TASK REQUIREMENTS: Output each line of the data below exactly, omitting any image.

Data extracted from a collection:
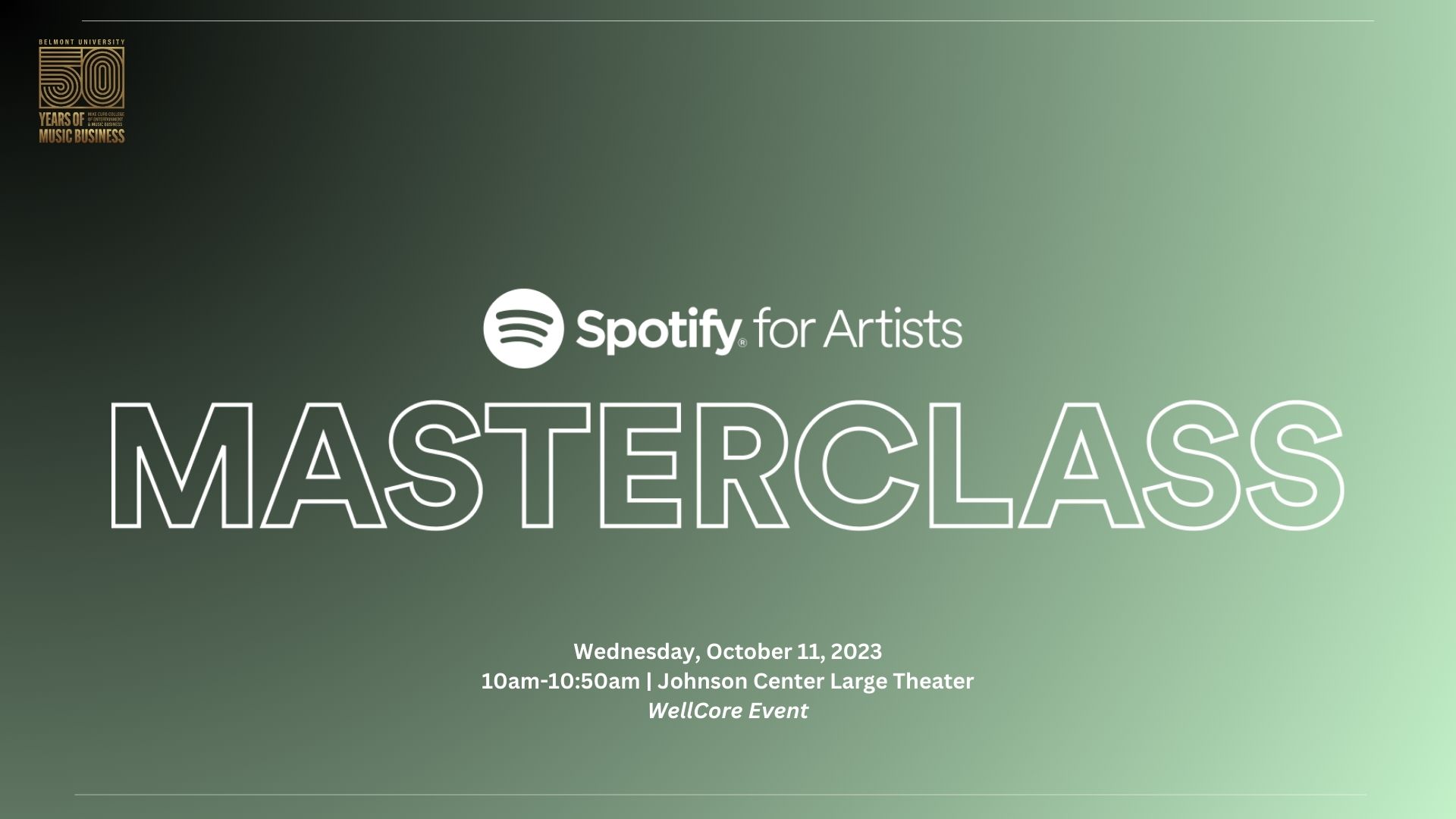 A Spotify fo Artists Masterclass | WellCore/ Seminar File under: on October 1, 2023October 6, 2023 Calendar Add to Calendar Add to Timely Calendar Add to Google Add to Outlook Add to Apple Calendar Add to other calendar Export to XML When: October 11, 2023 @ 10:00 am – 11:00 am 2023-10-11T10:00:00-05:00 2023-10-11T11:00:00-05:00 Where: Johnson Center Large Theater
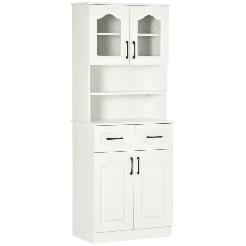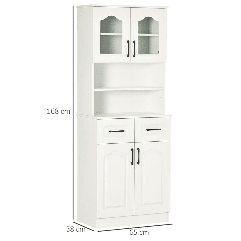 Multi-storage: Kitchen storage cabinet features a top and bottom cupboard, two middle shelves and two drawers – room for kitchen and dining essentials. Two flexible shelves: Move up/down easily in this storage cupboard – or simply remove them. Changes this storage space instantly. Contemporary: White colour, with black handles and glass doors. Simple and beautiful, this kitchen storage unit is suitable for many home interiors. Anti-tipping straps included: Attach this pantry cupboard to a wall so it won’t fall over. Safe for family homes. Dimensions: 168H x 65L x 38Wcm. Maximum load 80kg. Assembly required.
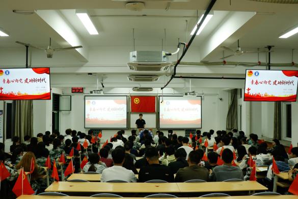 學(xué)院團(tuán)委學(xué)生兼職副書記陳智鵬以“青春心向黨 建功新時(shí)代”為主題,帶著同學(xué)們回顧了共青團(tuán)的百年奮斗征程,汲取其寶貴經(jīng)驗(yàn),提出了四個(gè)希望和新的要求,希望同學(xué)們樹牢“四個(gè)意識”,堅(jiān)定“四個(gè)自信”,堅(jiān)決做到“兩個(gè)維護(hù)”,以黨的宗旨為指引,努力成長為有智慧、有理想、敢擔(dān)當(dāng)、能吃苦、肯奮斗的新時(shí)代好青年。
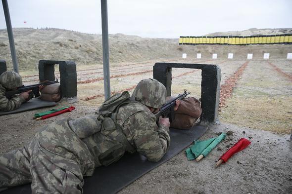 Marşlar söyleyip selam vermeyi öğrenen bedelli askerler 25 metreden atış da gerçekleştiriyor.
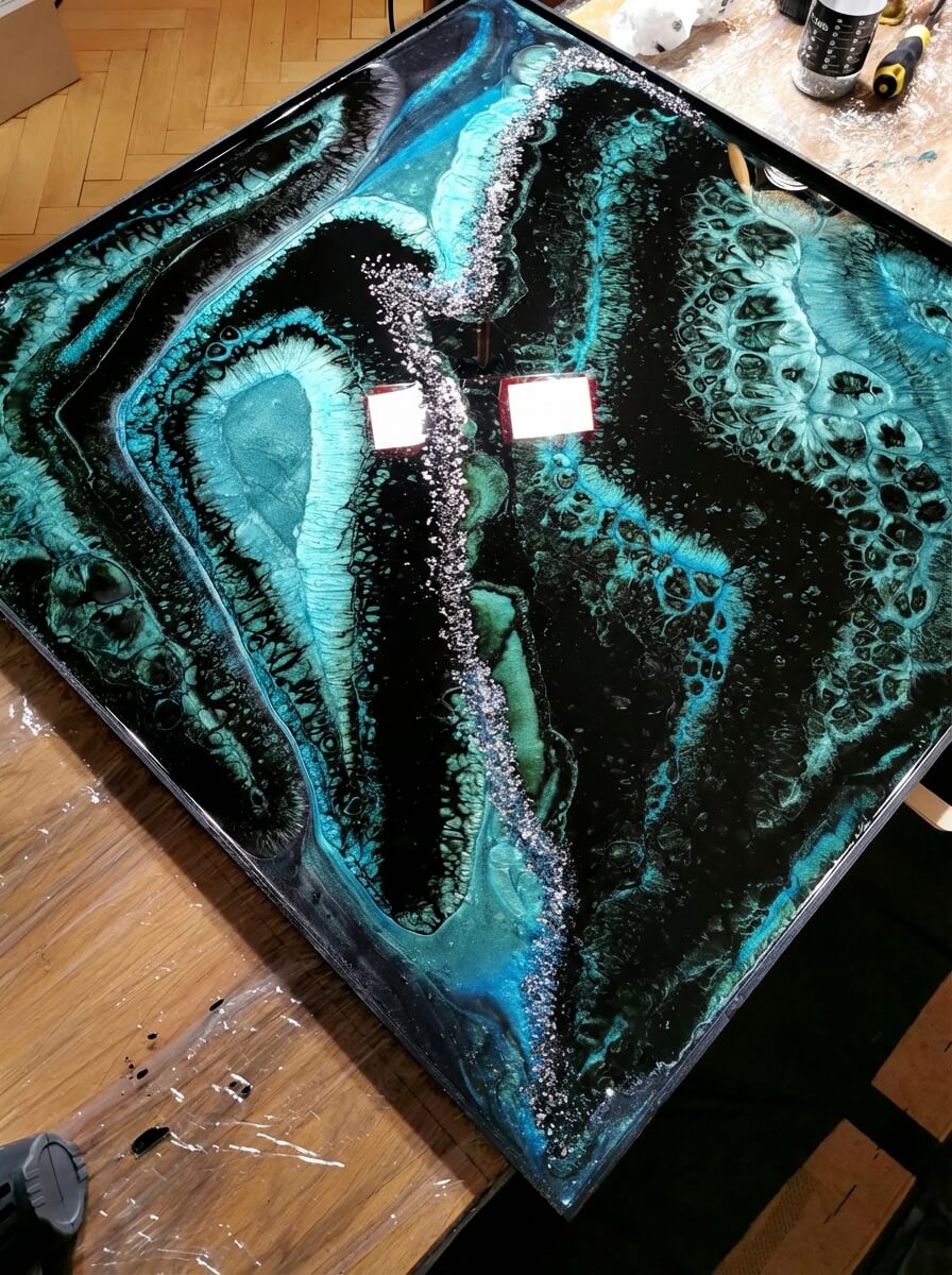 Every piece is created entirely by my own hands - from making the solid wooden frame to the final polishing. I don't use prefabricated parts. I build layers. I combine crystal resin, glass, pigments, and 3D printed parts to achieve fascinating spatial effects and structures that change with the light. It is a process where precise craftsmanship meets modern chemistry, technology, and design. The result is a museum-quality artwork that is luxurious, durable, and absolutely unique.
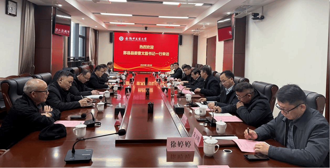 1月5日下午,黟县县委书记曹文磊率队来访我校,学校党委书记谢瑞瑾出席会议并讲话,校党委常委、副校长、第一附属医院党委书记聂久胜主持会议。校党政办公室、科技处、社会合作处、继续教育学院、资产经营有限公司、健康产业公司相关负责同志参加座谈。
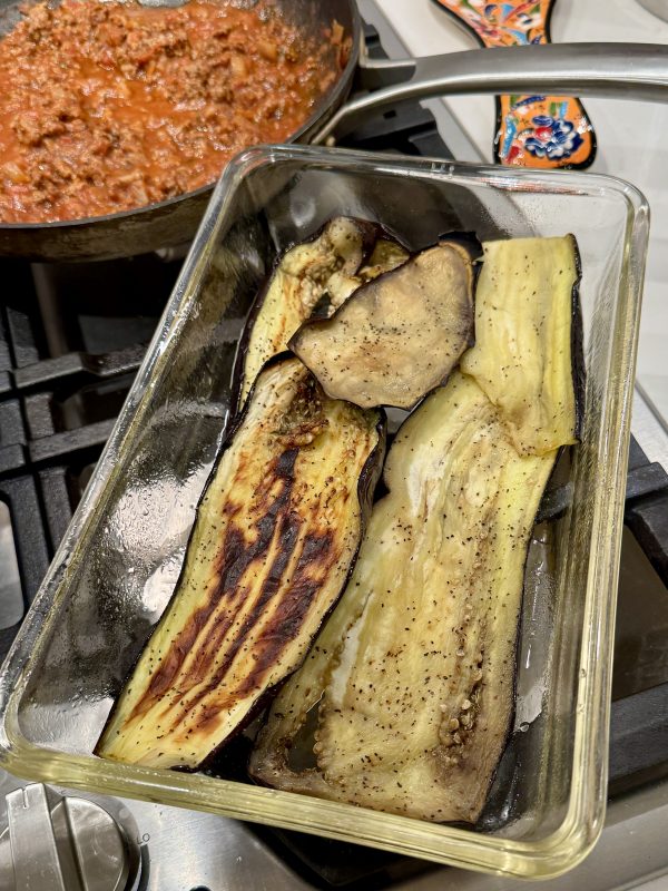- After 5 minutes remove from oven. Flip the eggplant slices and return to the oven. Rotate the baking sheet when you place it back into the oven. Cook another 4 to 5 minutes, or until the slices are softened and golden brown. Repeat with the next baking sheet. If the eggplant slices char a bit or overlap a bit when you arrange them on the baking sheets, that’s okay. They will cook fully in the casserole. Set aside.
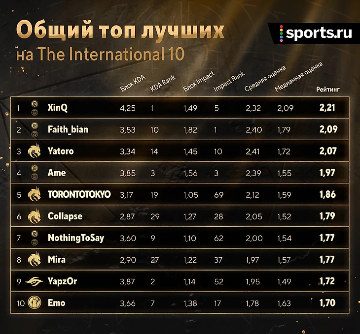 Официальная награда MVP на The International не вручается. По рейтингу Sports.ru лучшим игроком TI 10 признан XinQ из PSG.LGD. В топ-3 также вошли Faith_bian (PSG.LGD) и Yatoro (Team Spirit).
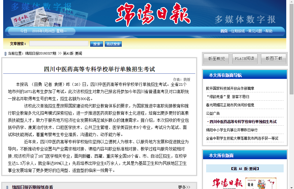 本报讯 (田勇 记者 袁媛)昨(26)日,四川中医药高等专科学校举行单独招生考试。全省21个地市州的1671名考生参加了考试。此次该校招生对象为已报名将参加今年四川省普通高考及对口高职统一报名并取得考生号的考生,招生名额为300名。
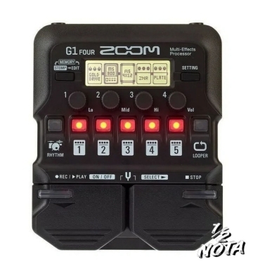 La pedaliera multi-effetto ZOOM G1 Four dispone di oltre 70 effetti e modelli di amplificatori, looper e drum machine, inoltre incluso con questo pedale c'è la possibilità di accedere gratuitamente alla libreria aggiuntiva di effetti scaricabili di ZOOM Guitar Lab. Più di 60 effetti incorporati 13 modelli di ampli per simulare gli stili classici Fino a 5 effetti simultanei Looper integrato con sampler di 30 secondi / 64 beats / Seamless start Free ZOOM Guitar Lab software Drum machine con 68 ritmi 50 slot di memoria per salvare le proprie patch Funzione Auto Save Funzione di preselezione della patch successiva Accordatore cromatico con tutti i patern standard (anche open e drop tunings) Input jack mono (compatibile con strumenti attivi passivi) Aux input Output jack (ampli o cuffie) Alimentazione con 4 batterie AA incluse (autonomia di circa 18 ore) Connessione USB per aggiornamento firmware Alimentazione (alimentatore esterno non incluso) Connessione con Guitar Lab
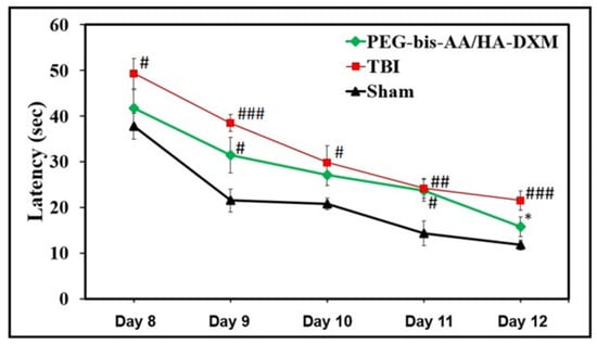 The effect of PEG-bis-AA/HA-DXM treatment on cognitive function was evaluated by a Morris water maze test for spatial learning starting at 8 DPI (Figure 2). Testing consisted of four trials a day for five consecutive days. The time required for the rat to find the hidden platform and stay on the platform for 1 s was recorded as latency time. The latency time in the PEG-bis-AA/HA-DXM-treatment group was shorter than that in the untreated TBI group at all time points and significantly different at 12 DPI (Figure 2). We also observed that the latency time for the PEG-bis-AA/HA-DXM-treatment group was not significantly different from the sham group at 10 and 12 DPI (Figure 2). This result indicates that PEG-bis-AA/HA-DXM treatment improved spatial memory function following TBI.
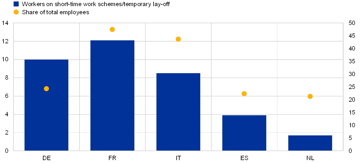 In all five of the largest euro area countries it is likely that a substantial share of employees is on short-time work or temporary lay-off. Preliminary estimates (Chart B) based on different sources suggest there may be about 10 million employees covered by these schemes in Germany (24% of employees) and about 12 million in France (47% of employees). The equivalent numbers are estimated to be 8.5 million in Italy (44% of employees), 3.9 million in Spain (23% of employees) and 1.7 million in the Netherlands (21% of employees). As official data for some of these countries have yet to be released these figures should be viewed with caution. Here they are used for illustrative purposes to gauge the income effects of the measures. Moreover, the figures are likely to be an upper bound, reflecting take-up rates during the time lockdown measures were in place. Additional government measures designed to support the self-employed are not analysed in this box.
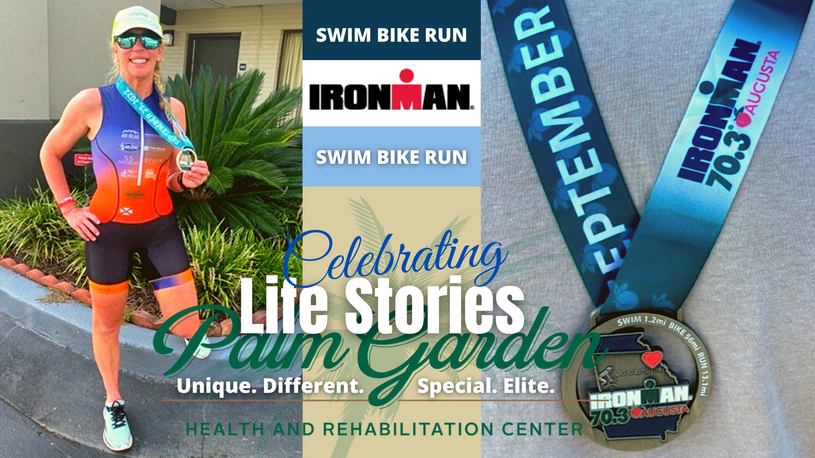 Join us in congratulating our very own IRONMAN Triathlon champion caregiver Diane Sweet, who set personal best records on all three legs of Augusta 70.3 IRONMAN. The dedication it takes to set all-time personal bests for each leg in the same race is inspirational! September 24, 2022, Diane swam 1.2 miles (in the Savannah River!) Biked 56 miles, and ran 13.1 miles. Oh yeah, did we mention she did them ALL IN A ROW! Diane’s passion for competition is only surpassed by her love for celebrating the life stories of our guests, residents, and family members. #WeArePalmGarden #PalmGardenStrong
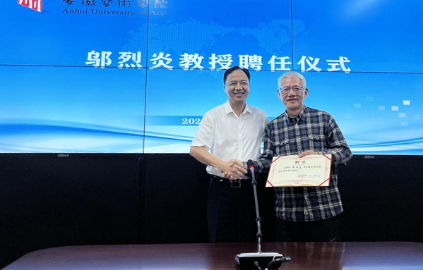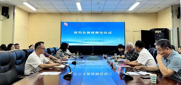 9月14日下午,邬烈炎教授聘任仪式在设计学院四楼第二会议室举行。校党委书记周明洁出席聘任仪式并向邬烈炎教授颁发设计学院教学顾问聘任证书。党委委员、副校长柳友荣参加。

SOLUTION TO THE EXERCISE:
 A Spotify fo Artists Masterclass | WellCore/ Seminar File under: on October 1, 2023October 6, 2023 Calendar Add to Calendar Add to Timely Calendar Add to Google Add to Outlook Add to Apple Calendar Add to other calendar Export to XML When: October 11, 2023 @ 10:00 am – 11:00 am 2023-10-11T10:00:00-05:00 2023-10-11T11:00:00-05:00 Where: Johnson Center Large Theater
 Multi-storage: Kitchen storage cabinet features a top and bottom cupboard, two middle shelves and two drawers – room for kitchen and dining essentials. Two flexible shelves: Move up/down easily in this storage cupboard – or simply remove them. Changes this storage space instantly. Contemporary: White colour, with black handles and glass doors. Simple and beautiful, this kitchen storage unit is suitable for many home interiors. Anti-tipping straps included: Attach this pantry cupboard to a wall so it won’t fall over. Safe for family homes. Dimensions: 168H x 65L x 38Wcm. Maximum load 80kg. Assembly required.
 學(xué)院團(tuán)委學(xué)生兼職副書記陳智鵬以“青春心向黨 建功新時(shí)代”為主題,帶著同學(xué)們回顧了共青團(tuán)的百年奮斗征程,汲取其寶貴經(jīng)驗(yàn),提出了四個(gè)希望和新的要求,希望同學(xué)們樹牢“四個(gè)意識”,堅(jiān)定“四個(gè)自信”,堅(jiān)決做到“兩個(gè)維護(hù)”,以黨的宗旨為指引,努力成長為有智慧、有理想、敢擔(dān)當(dāng)、能吃苦、肯奮斗的新時(shí)代好青年。
 Marşlar söyleyip selam vermeyi öğrenen bedelli askerler 25 metreden atış da gerçekleştiriyor.
 Every piece is created entirely by my own hands - from making the solid wooden frame to the final polishing. I don't use prefabricated parts. I build layers. I combine crystal resin, glass, pigments, and 3D printed parts to achieve fascinating spatial effects and structures that change with the light. It is a process where precise craftsmanship meets modern chemistry, technology, and design. The result is a museum-quality artwork that is luxurious, durable, and absolutely unique.
 1月5日下午,黟县县委书记曹文磊率队来访我校,学校党委书记谢瑞瑾出席会议并讲话,校党委常委、副校长、第一附属医院党委书记聂久胜主持会议。校党政办公室、科技处、社会合作处、继续教育学院、资产经营有限公司、健康产业公司相关负责同志参加座谈。
- After 5 minutes remove from oven. Flip the eggplant slices and return to the oven. Rotate the baking sheet when you place it back into the oven. Cook another 4 to 5 minutes, or until the slices are softened and golden brown. Repeat with the next baking sheet. If the eggplant slices char a bit or overlap a bit when you arrange them on the baking sheets, that’s okay. They will cook fully in the casserole. Set aside.
 Официальная награда MVP на The International не вручается. По рейтингу Sports.ru лучшим игроком TI 10 признан XinQ из PSG.LGD. В топ-3 также вошли Faith_bian (PSG.LGD) и Yatoro (Team Spirit).
 本报讯 (田勇 记者 袁媛)昨(26)日,四川中医药高等专科学校举行单独招生考试。全省21个地市州的1671名考生参加了考试。此次该校招生对象为已报名将参加今年四川省普通高考及对口高职统一报名并取得考生号的考生,招生名额为300名。
 La pedaliera multi-effetto ZOOM G1 Four dispone di oltre 70 effetti e modelli di amplificatori, looper e drum machine, inoltre incluso con questo pedale c'è la possibilità di accedere gratuitamente alla libreria aggiuntiva di effetti scaricabili di ZOOM Guitar Lab. Più di 60 effetti incorporati 13 modelli di ampli per simulare gli stili classici Fino a 5 effetti simultanei Looper integrato con sampler di 30 secondi / 64 beats / Seamless start Free ZOOM Guitar Lab software Drum machine con 68 ritmi 50 slot di memoria per salvare le proprie patch Funzione Auto Save Funzione di preselezione della patch successiva Accordatore cromatico con tutti i patern standard (anche open e drop tunings) Input jack mono (compatibile con strumenti attivi passivi) Aux input Output jack (ampli o cuffie) Alimentazione con 4 batterie AA incluse (autonomia di circa 18 ore) Connessione USB per aggiornamento firmware Alimentazione (alimentatore esterno non incluso) Connessione con Guitar Lab
 The effect of PEG-bis-AA/HA-DXM treatment on cognitive function was evaluated by a Morris water maze test for spatial learning starting at 8 DPI (Figure 2). Testing consisted of four trials a day for five consecutive days. The time required for the rat to find the hidden platform and stay on the platform for 1 s was recorded as latency time. The latency time in the PEG-bis-AA/HA-DXM-treatment group was shorter than that in the untreated TBI group at all time points and significantly different at 12 DPI (Figure 2). We also observed that the latency time for the PEG-bis-AA/HA-DXM-treatment group was not significantly different from the sham group at 10 and 12 DPI (Figure 2). This result indicates that PEG-bis-AA/HA-DXM treatment improved spatial memory function following TBI.
 In all five of the largest euro area countries it is likely that a substantial share of employees is on short-time work or temporary lay-off. Preliminary estimates (Chart B) based on different sources suggest there may be about 10 million employees covered by these schemes in Germany (24% of employees) and about 12 million in France (47% of employees). The equivalent numbers are estimated to be 8.5 million in Italy (44% of employees), 3.9 million in Spain (23% of employees) and 1.7 million in the Netherlands (21% of employees). As official data for some of these countries have yet to be released these figures should be viewed with caution. Here they are used for illustrative purposes to gauge the income effects of the measures. Moreover, the figures are likely to be an upper bound, reflecting take-up rates during the time lockdown measures were in place. Additional government measures designed to support the self-employed are not analysed in this box.
 Join us in congratulating our very own IRONMAN Triathlon champion caregiver Diane Sweet, who set personal best records on all three legs of Augusta 70.3 IRONMAN. The dedication it takes to set all-time personal bests for each leg in the same race is inspirational! September 24, 2022, Diane swam 1.2 miles (in the Savannah River!) Biked 56 miles, and ran 13.1 miles. Oh yeah, did we mention she did them ALL IN A ROW! Diane’s passion for competition is only surpassed by her love for celebrating the life stories of our guests, residents, and family members. #WeArePalmGarden #PalmGardenStrong
 9月14日下午,邬烈炎教授聘任仪式在设计学院四楼第二会议室举行。校党委书记周明洁出席聘任仪式并向邬烈炎教授颁发设计学院教学顾问聘任证书。党委委员、副校长柳友荣参加。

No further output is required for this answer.